Depuis le début de l’année, soit en à peine trois semaines, le monoxyde de carbone a tué 46 personnes à travers le pays, à en croire les comptes-rendus de la presse.
Le tueur silencieux, comme il plait aux médias de le désigner, est aussi un tueur en lâche qui ne laisse aucune chance à ses victimes qu’il surprend toujours dans leur sommeil par les nuits de grand froid.
La corrélation entre la survenue de ce genre d’accident domestique et la baisse sensible des températures est maintenant établie. Ces deux derniers jours, marqués par une vague de froid et de neige sur le pays, deux familles ont été décimées à Djelfa et Laghouat, deux villes des Hauts-Plateaux connues pour leurs nuits très froides en pareille période.
Beaucoup de cas furent également déplorés lors de la dernière vague de froid survenue dans la deuxième semaine du mois. La précision qu’il faut faire, c’est qu’il ne s’agit pas d’explosions ou de fuites de gaz de ville ou butane, mais bien d’émanation de monoxyde de carbone, c’est-à-dire de gaz brûlés dans des appareils de chauffage.
Inhaler pendant toute la nuit un tel gaz toxique ne laisse aucune chance. Aucun membre de la famille n’est épargné pour pouvoir donner l’alerte et les voisins n’ont aucun moyen de se rendre compte du drame, ce genre de gaz étant inodore.

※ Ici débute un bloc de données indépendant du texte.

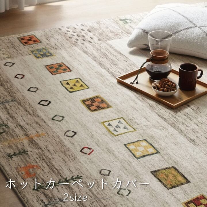 高目付のラグにギャベ柄のデジタルプリントを施した,デザイン性の高いラグに仕上げました。サラサラとした柔らかな肌触りです。軽量でコンパクトにたためるので,収納にも困りません。手洗いで洗濯ができるため,衛生的です。床暖房・ホットカーペットにも対応しており,オールシーズンお使いいただけます。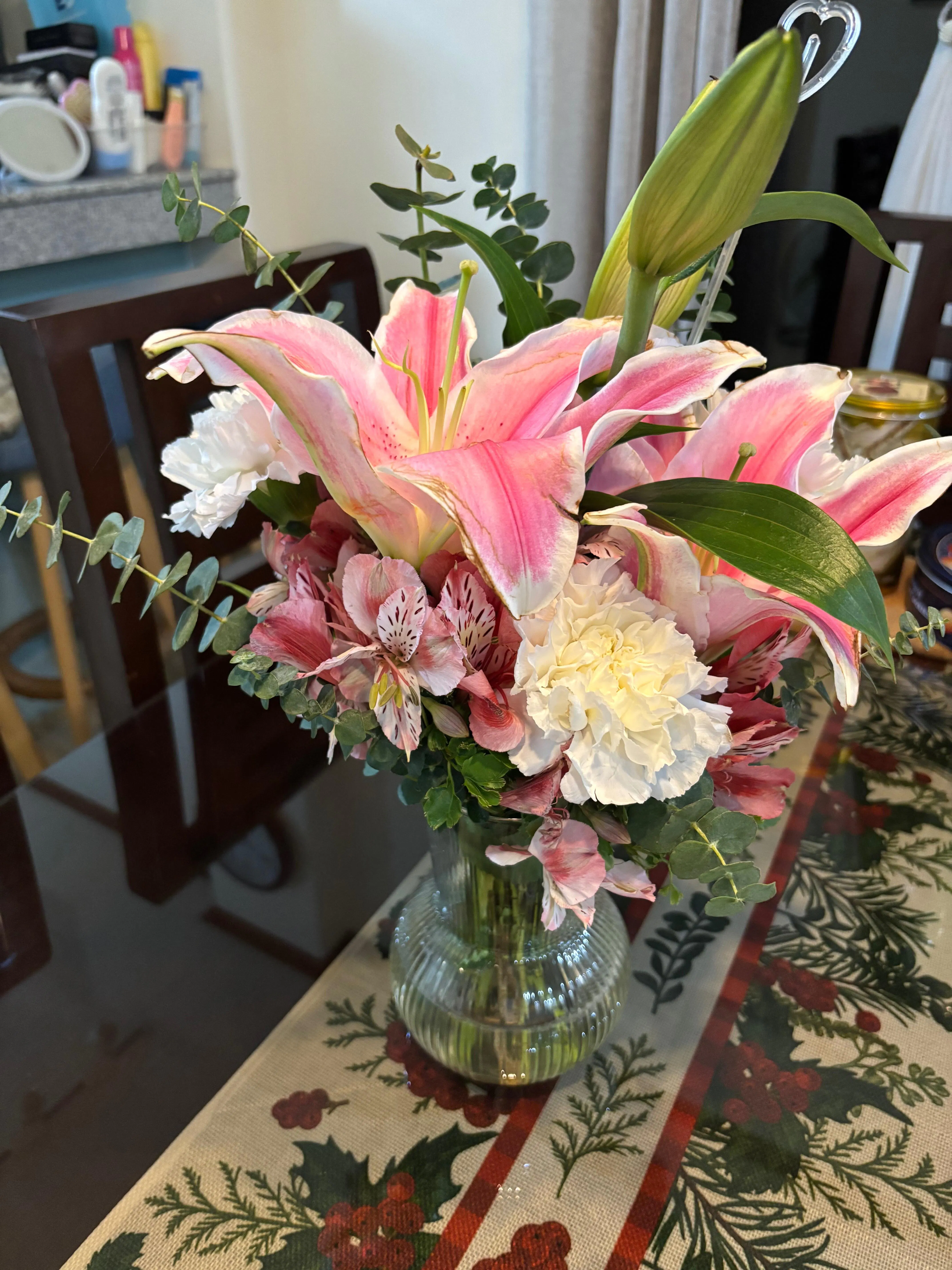 Ordering was straight forward. It was seamless. My mom got the flowers and cake as scheduled. This was my second time purchasing flowers from you guys, and my mom loved her flowers! The quality of the flowers were amazing. She loved the Colors and they were fresh! The reason why I gave a rating of 8 only was that, the vases that were used, were dirty. The glass vases were cloudy/foggy. Hence, she used our own vase instead. Other than that, the rest were wonderful. I’ll be ordering again soon. Thank you.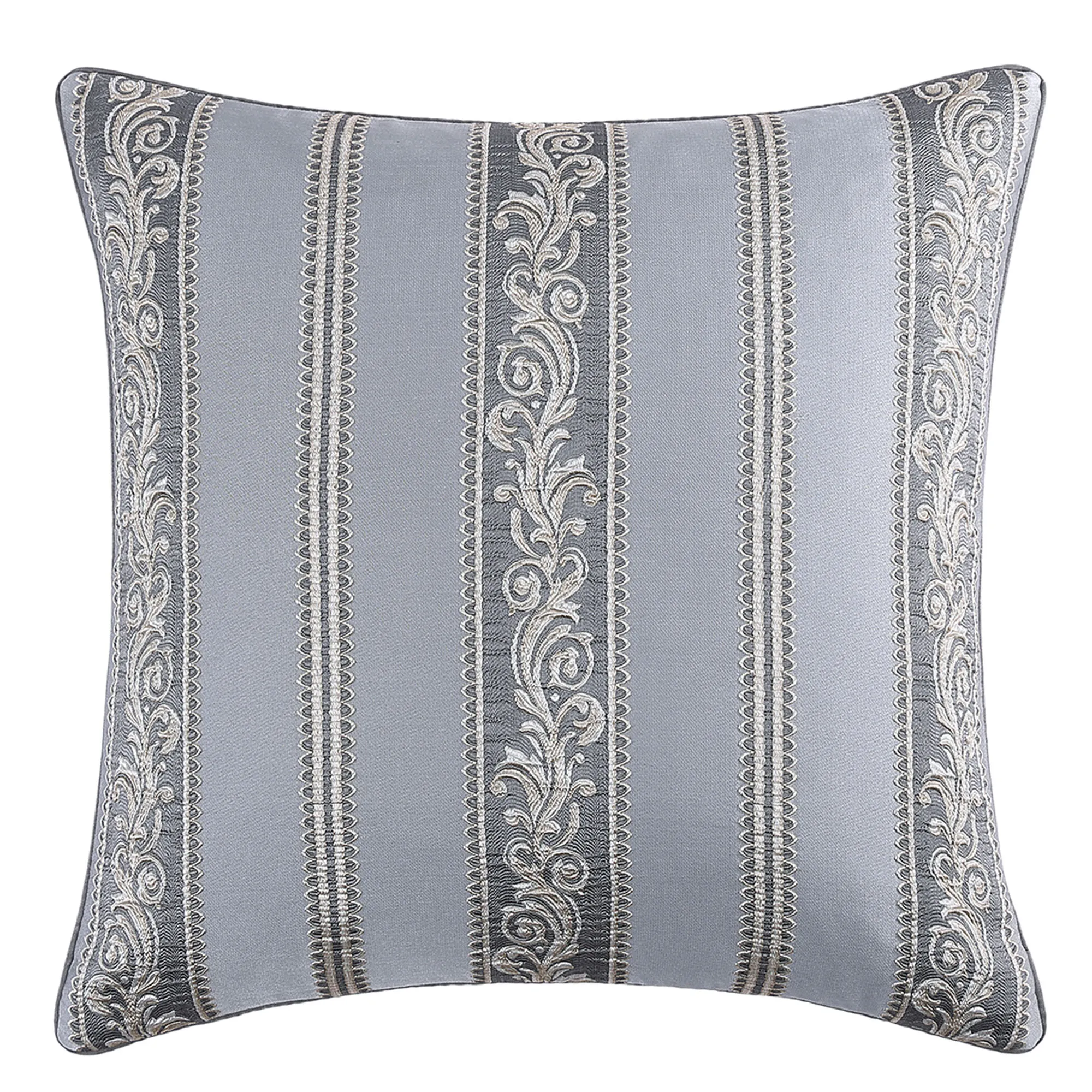 The piped European Sham has woven-jacquard stripes with fleur designs and a zipper closure.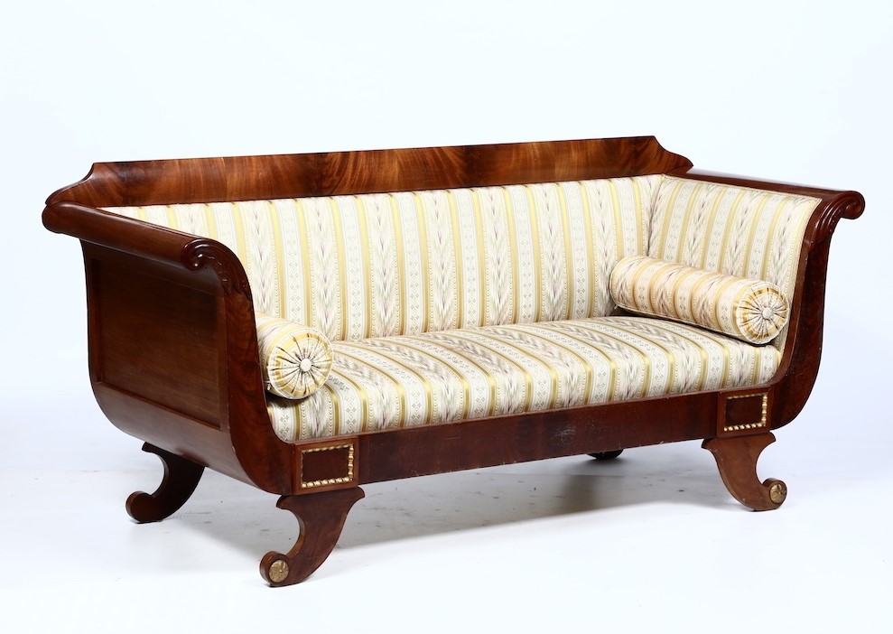 Divano Carlo X impiallacciato in mogano, XIX secolo

Les services de la Protection civile pointent du doigt deux défaillances qui seraient à l’origine de ces drames à répétition : l’absence d’aération des habitations et la non-conformité des appareils de chauffage. Mais il y a aussi l’absence d’obligation d’installer des détecteurs de fumée dans les appartements et les maisons.
La responsabilité de l’Etat est donc pleinement engagée. D’abord à travers les directions de l’énergie ainsi que Sonelgaz et ses sociétés de sous-traitance qui procèdent au raccordement au réseau de gaz de ville d’habitations non conformes. Les directions de l’habitat et de l’urbanisme qui délivrent des certificats de conformité à des habitations qui ne disposent pas de conduit de fumée, qui répondent aux normes.
Il est vrai que la pression exercée par les populations pour bénéficier de cette énergie est énorme dans toutes les localités qui en sont dépourvues, mais cela ne doit pas justifier le bâclage et le non-respect des normes de sécurité, d’autant plus qu’il ne s’agit pas d’installations onéreuses à acquérir ou de travaux compliqués à réaliser.
La deuxième anomalie est de ne pas rendre obligatoire l’installation de détecteurs de fumée dans les appartements, afin de réduire le risque d’exposition au monoxyde de carbone.
L’autre défaillance des autorités relève carrément de l’incurie : l’existence sur le marché d’appareils de chauffage défaillants ou non conformes aux normes de sécurité. Là, l’incivisme du citoyen ne peut être pointé du doigt. A moins d’être un expert, le consommateur n’a aucune possibilité de savoir si l’appareil qu’il s’apprête à acquérir est conforme ou pas. Et cela est valable pour tout produit sensible, de l’alimentation au médicament en passant par l’électroménager. La responsabilité du consommateur se limite à ne pas acheter sous le manteau, au marché noir. L’étiquette d’identification de tout produit acheté dans un magasin dûment autorisé vaut en principe garantie du quitus de l’Etat.
Car ce dernier a le devoir de faire en sorte que des produits qui mettent en danger la santé, voire la vie des citoyens ne soient pas mis en vente et dispose de tous les moyens juridiques et techniques pour agir. Comment des appareils de chauffage défaillants peuvent-ils échapper aux mailles du dispositif de contrôle des services concernés ? Difficile d’expliquer une telle faille, sinon par le laisser-aller.
Une négligence d’autant plus inacceptable qu’il suffit de redoubler de vigilance aux ports pour les appareils importés et dans les usines pour ceux produits localement, ainsi que dans les points de vente qui se comptent sur les doigts d’une seule main dans chaque ville, du moins beaucoup moins nombreux que les magasins d’alimentation. Le ministère du Commerce est interpellé. Il doit agir, et vite.